What you will do :: Copy out the listing that follows, exactly, without its pictures.

Source records ::

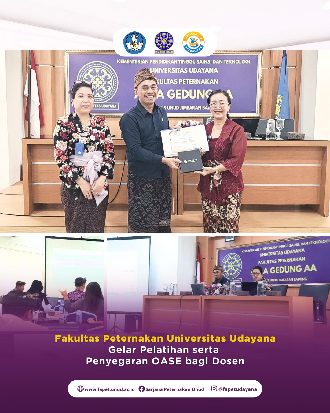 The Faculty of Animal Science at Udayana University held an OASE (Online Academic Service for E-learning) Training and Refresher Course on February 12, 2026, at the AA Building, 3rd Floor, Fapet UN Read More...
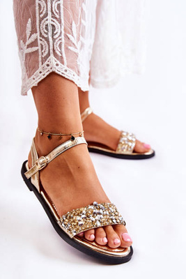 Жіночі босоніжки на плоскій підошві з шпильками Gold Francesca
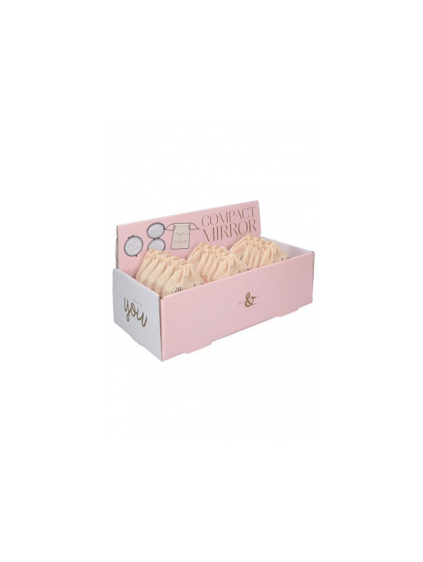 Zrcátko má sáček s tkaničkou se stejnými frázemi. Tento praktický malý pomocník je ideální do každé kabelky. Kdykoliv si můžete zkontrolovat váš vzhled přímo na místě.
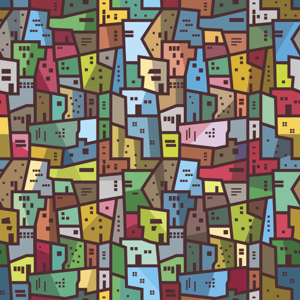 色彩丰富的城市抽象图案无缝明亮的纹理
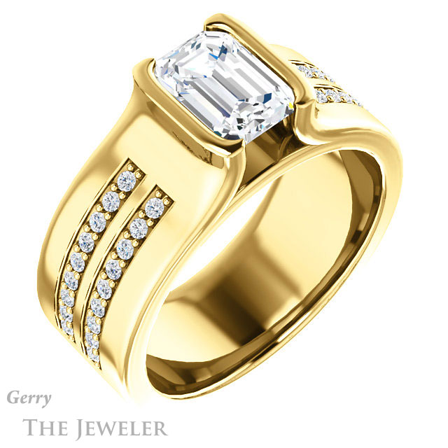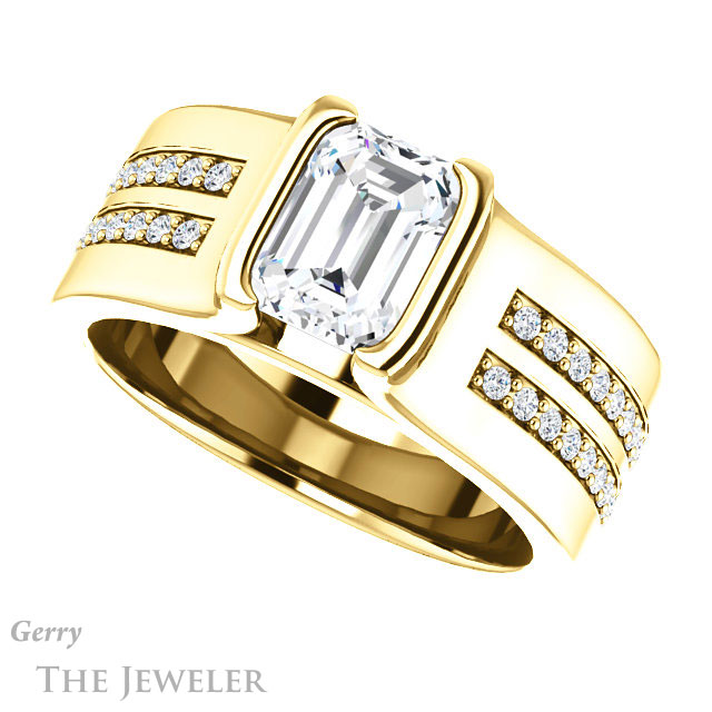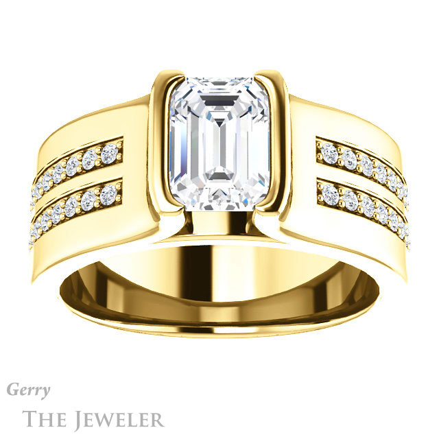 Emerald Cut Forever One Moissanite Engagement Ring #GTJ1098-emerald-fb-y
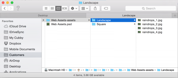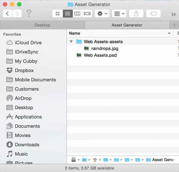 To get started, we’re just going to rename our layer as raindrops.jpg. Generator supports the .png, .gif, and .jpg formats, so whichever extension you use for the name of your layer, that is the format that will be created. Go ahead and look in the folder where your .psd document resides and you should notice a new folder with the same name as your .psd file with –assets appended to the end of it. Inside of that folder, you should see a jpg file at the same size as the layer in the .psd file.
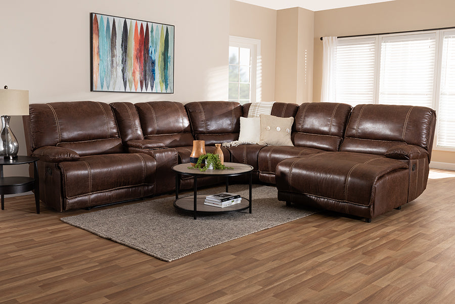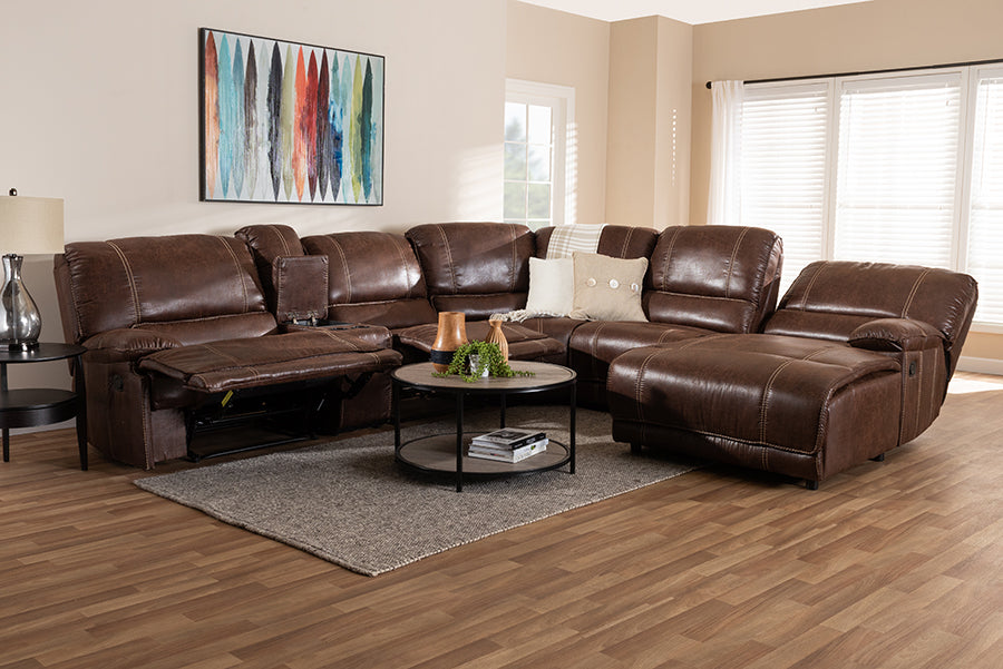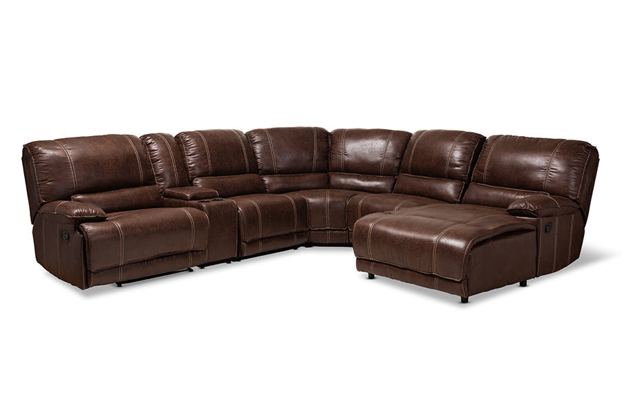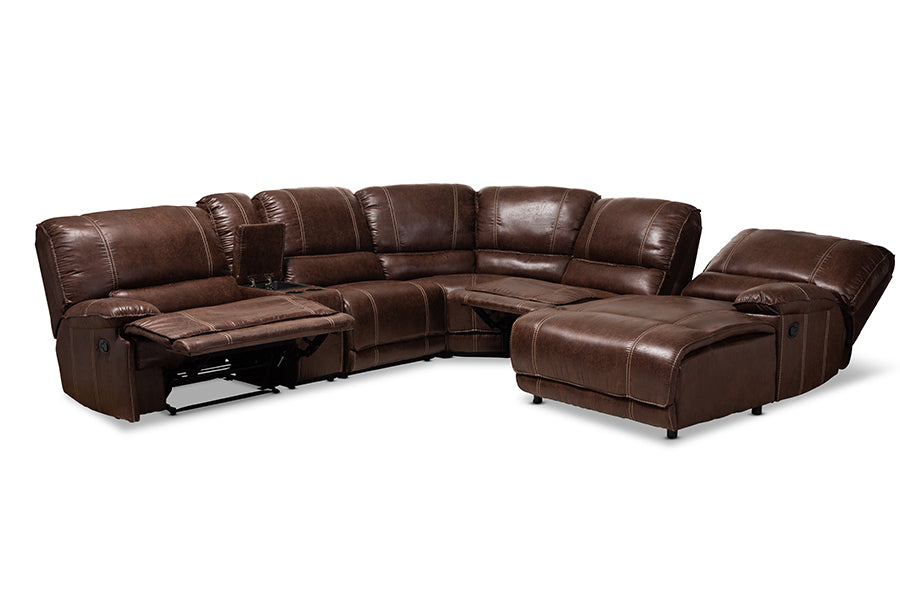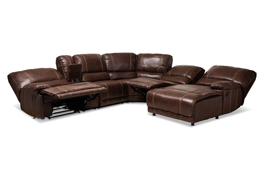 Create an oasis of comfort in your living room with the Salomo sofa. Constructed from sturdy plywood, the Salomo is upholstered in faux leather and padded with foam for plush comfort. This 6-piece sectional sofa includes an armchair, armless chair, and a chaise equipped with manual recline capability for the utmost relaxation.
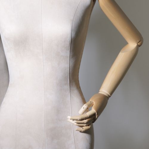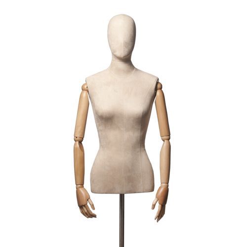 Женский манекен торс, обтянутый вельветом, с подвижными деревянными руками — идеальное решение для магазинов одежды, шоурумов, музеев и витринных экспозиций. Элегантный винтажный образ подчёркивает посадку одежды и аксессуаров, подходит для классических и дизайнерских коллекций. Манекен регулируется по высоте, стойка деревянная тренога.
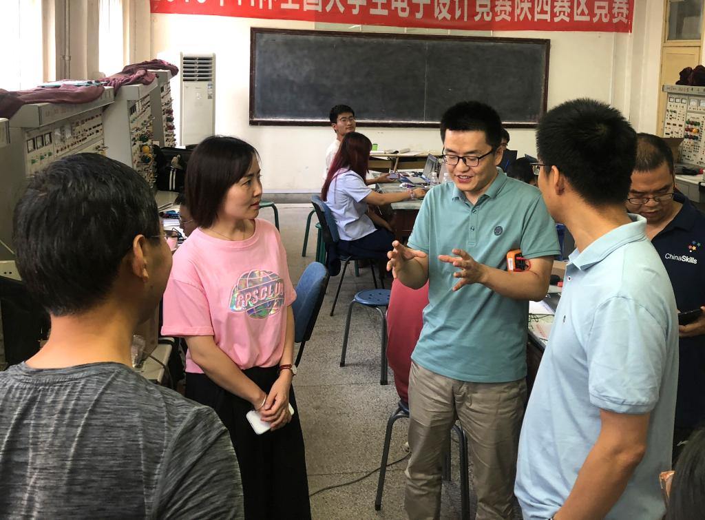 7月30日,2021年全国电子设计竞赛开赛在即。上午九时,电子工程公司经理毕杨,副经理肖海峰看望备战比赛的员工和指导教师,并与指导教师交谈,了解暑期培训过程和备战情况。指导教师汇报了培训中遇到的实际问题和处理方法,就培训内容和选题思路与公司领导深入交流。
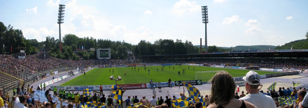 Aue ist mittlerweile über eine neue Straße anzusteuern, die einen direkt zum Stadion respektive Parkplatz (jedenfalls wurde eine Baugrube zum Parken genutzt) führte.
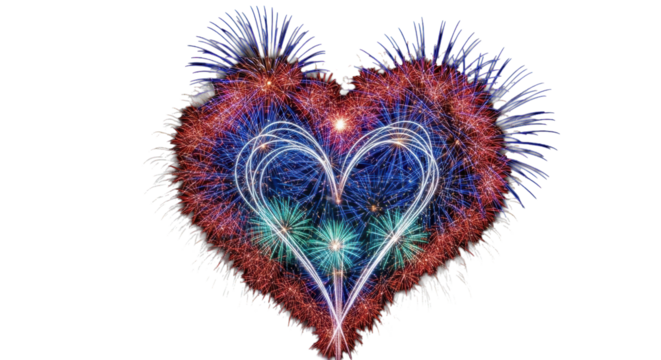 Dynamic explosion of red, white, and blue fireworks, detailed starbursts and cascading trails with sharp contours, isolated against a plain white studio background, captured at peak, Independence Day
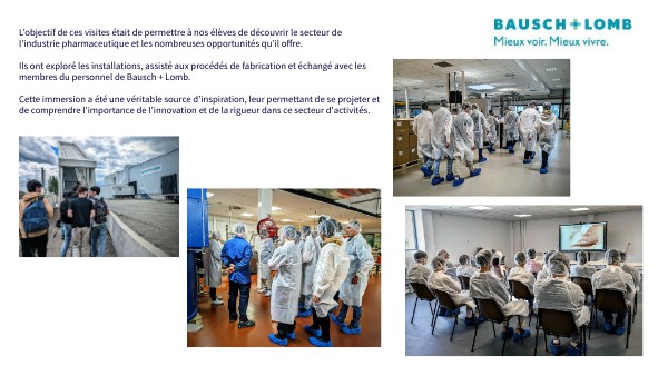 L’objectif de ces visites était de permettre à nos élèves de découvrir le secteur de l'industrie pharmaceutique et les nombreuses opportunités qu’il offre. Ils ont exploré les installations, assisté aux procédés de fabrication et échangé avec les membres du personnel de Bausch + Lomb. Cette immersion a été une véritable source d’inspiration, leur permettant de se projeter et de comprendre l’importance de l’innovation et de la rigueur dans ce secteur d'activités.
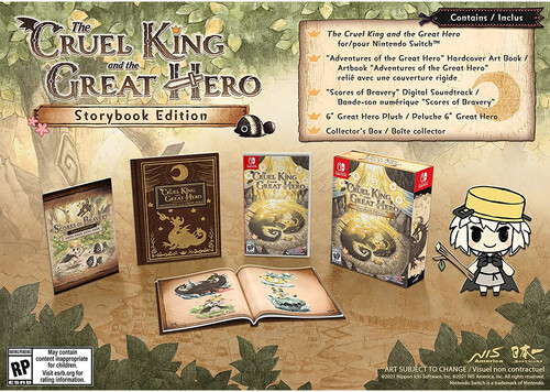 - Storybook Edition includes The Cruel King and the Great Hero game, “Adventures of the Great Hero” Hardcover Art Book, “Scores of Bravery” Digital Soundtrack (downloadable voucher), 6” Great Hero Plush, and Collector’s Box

Exercise answer ::
 The Faculty of Animal Science at Udayana University held an OASE (Online Academic Service for E-learning) Training and Refresher Course on February 12, 2026, at the AA Building, 3rd Floor, Fapet UN Read More...
 Жіночі босоніжки на плоскій підошві з шпильками Gold Francesca
 Zrcátko má sáček s tkaničkou se stejnými frázemi. Tento praktický malý pomocník je ideální do každé kabelky. Kdykoliv si můžete zkontrolovat váš vzhled přímo na místě.
 色彩丰富的城市抽象图案无缝明亮的纹理
 Emerald Cut Forever One Moissanite Engagement Ring #GTJ1098-emerald-fb-y
 To get started, we’re just going to rename our layer as raindrops.jpg. Generator supports the .png, .gif, and .jpg formats, so whichever extension you use for the name of your layer, that is the format that will be created. Go ahead and look in the folder where your .psd document resides and you should notice a new folder with the same name as your .psd file with –assets appended to the end of it. Inside of that folder, you should see a jpg file at the same size as the layer in the .psd file.
 Create an oasis of comfort in your living room with the Salomo sofa. Constructed from sturdy plywood, the Salomo is upholstered in faux leather and padded with foam for plush comfort. This 6-piece sectional sofa includes an armchair, armless chair, and a chaise equipped with manual recline capability for the utmost relaxation.
 Женский манекен торс, обтянутый вельветом, с подвижными деревянными руками — идеальное решение для магазинов одежды, шоурумов, музеев и витринных экспозиций. Элегантный винтажный образ подчёркивает посадку одежды и аксессуаров, подходит для классических и дизайнерских коллекций. Манекен регулируется по высоте, стойка деревянная тренога.
 7月30日,2021年全国电子设计竞赛开赛在即。上午九时,电子工程公司经理毕杨,副经理肖海峰看望备战比赛的员工和指导教师,并与指导教师交谈,了解暑期培训过程和备战情况。指导教师汇报了培训中遇到的实际问题和处理方法,就培训内容和选题思路与公司领导深入交流。
 Aue ist mittlerweile über eine neue Straße anzusteuern, die einen direkt zum Stadion respektive Parkplatz (jedenfalls wurde eine Baugrube zum Parken genutzt) führte.
 Dynamic explosion of red, white, and blue fireworks, detailed starbursts and cascading trails with sharp contours, isolated against a plain white studio background, captured at peak, Independence Day
 L’objectif de ces visites était de permettre à nos élèves de découvrir le secteur de l'industrie pharmaceutique et les nombreuses opportunités qu’il offre. Ils ont exploré les installations, assisté aux procédés de fabrication et échangé avec les membres du personnel de Bausch + Lomb. Cette immersion a été une véritable source d’inspiration, leur permettant de se projeter et de comprendre l’importance de l’innovation et de la rigueur dans ce secteur d'activités.
 - Storybook Edition includes The Cruel King and the Great Hero game, “Adventures of the Great Hero” Hardcover Art Book, “Scores of Bravery” Digital Soundtrack (downloadable voucher), 6” Great Hero Plush, and Collector’s Box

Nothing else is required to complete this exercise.